É crucial que os militares, como instituição de Estado, se comprometam com a verdade histórica e com a transparência. A responsabilidade de preservar a integridade da história do Brasil não pode ser subestimada, especialmente em um momento em que o país enfrenta desafios significativos de desinformação e polarização política.

Além disso, a promoção de teorias da conspiração pelo próprio establishment militar pode gerar um ciclo perigoso de desconfiança e divisão entre a sociedade brasileira. Em vez de contribuir para o fortalecimento da democracia e da estabilidade institucional, tais práticas corroem os alicerces sobre os quais nossa nação deveria se sustentar.

Portanto, é imperativo que os líderes militares e os defensores da verdade histórica no Brasil se levantem contra a propagação irresponsável de teorias da conspiração. Devemos defender uma narrativa baseada em evidências e em fatos verificáveis, promovendo assim um entendimento mais claro e preciso de nossa trajetória como nação.

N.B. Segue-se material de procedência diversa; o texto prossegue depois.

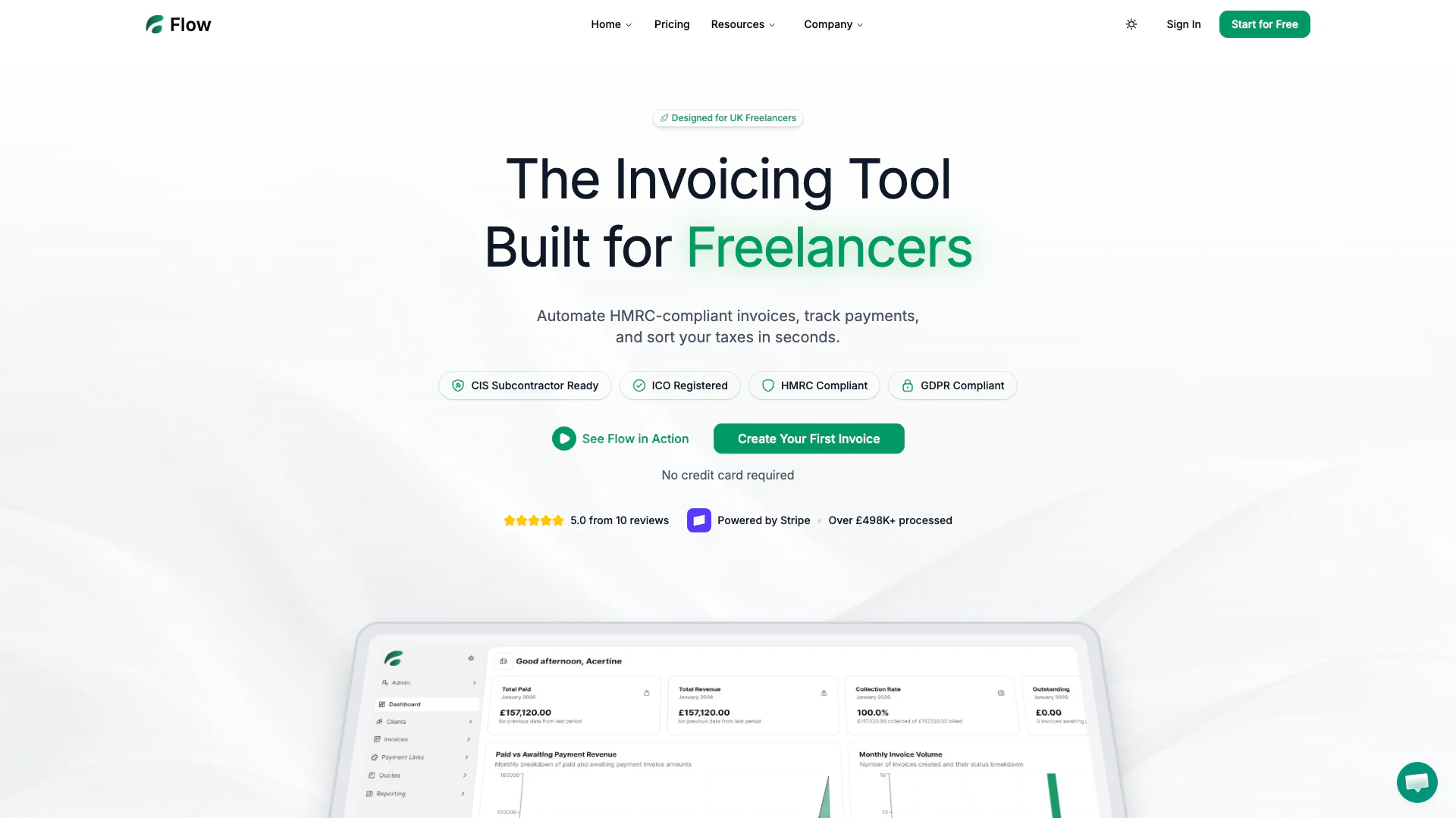 O Flow é uma ferramenta de faturamento projetada para freelancers automatizarem faturas em conformidade com a HMRC, rastrear pagamentos e gerenciar impostos de forma eficiente.

A história do Brasil é rica e complexa, marcada por lutas, conquistas e desafios. Negar ou distorcer os eventos que moldaram nossa identidade coletiva é um desserviço não apenas à memória daqueles que nos precederam, mas também às gerações futuras que merecem herdar uma narrativa histórica honesta e íntegra. Portanto, é hora de os militares abandonarem as teorias da conspiração e se comprometerem com a verdadeira missão de proteger e servir ao povo brasileiro.